Jollyfant commented 7 years ago

Here is my script, fyi:

import requests
import datetime
import io

from obspy import read

MEDIATOR_URL = "http://mediator-devel.ethz.ch/fdsnws/dataselect/1/query?"

QUERY = "&".join([
  "channel=LHZ",
  "net=IV,FR",
  "start=2017-01-01T00:00:00",
  "end=2017-01-01T01:00:00"
])

for i in range(5):

  print "Making request %d" % i

  r = requests.get(MEDIATOR_URL + QUERY)

  print "nBytes: %d" % len(r.content)

  print read(io.BytesIO(r.content))

  if r.status_code == 200:
    print "Request OK"
  else:
    print "Error request code: %d" % r.status_code
feuchner commented 7 years ago

Hi Mathijs, thanks for letting us know!

feuchner commented 7 years ago

Fixed in ac8d30821b328539f87e9e55d54bf2cbdc236c57. This was a tricky one! It turned out that when reading from the mseed streams, the buffer size cannot be constant, but has to be the real record size. Otherwise incomplete records can be written to the output mseed file.

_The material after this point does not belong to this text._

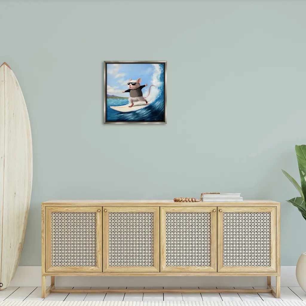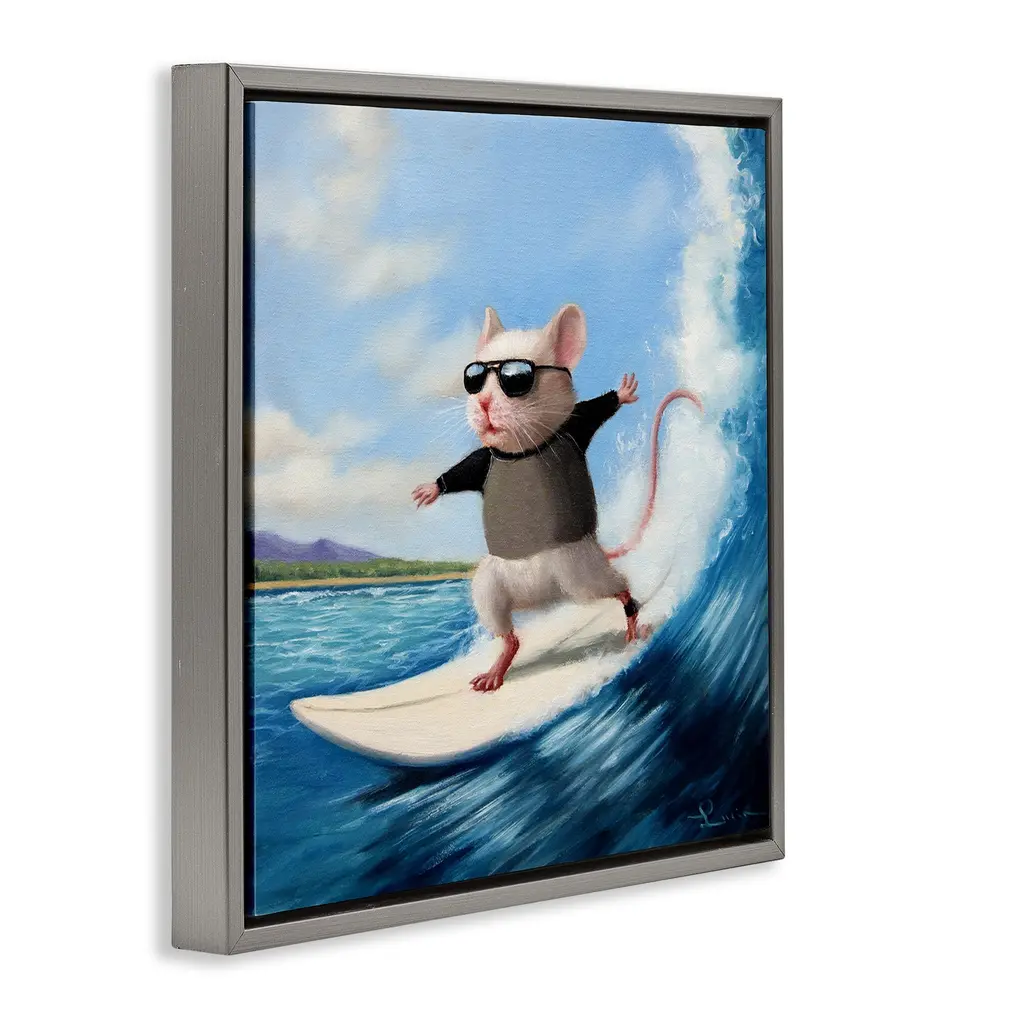 Stupell Cool Surfer Mouse Blue Ocean Waves Framed Floater Canvas Wall Art Design By Lucia Heffernan - 25 X 25 - Grey

Jollyfant commented 7 years ago

Oh yeah. The flexibility of mSEED can sometimes be useful and tricky at the same time. Nice work!

Jollyfant commented 7 years ago

I'm not too deep in the code but can you please explain why it is necessary to read the records anyway? If I am not mistaken, the federator could merge mSEED from different sources by just concatenating the individual service responses one after the other, as long as they are complete when written.

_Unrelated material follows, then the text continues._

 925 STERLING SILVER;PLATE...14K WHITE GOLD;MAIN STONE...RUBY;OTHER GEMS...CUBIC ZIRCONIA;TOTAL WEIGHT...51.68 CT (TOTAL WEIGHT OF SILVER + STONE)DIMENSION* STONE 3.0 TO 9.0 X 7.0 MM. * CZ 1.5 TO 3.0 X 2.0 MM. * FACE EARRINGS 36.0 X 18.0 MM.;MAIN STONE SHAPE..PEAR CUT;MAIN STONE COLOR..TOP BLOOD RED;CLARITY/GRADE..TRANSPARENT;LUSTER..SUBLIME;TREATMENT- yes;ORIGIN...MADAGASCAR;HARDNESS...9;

feuchner commented 7 years ago

Good question. Balancing between memory footprint and thread waiting time? Just relying on Andres' design here...

ltrani commented 7 years ago

Hi guys sorry to jump in here but this gives me quite some concerns... I would definitely avoid unnecessary I/O operations as they could create serious bottlenecks. I fully understand and support reuse of software whenever possible provided this does not put strict constraints on our infrastructure. In this case I see a critical behavior that could affect the overall performance. In my view this is a point that requires further investigation and possibly improvements. Please don't forget that our final aim is to have a solid and stable system and the mediator is a crucial component.

kaestli commented 7 years ago

Sure, Luca, i can confirm that we share the aim of a solid and stable system, and that we are committed to tackle issues where they manifest.